Not sure what your point is here.

You've backtracked from your 'blank sign' position. I'm pointing out that your "People were just arrested for holding up signs like 'abolish monarchy'" might be on similarly shaky ground.

If it's not clear, I'm also heavily implying that you should be questioning the veracity of whatever source you're getting this easily-debunked tripe from.


> You've backtracked from your 'blank sign' position.

I wouldn't say backtracked. I acknowledged a correction. The pont still stands, people are being arrested and/or intimidated by police for expressing a non-hatespeech, non-violent opinion.

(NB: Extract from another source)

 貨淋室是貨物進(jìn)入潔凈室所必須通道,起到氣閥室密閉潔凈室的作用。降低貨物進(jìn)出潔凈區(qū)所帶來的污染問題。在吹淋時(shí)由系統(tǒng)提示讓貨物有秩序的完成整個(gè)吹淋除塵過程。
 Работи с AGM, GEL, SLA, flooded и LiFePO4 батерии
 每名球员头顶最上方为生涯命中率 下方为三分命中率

> I'm pointing out that your "People were just arrested for holding up signs like 'abolish monarchy'" might be on similarly shaky ground.

I gave a source elsewhere in this thread.

> If it's not clear, I'm also heavily implying that you should be questioning the veracity of whatever source you're getting this easily-debunked tripe from.

It's not tripe, and if you want to attempt to go ahead and debunk it. I was wrong about the arrest for the blank sign as admitted, I'm not wrong about people being arrested for holding up signs expressing non-hatespeech, non-violent opinions, for which sources are abundant.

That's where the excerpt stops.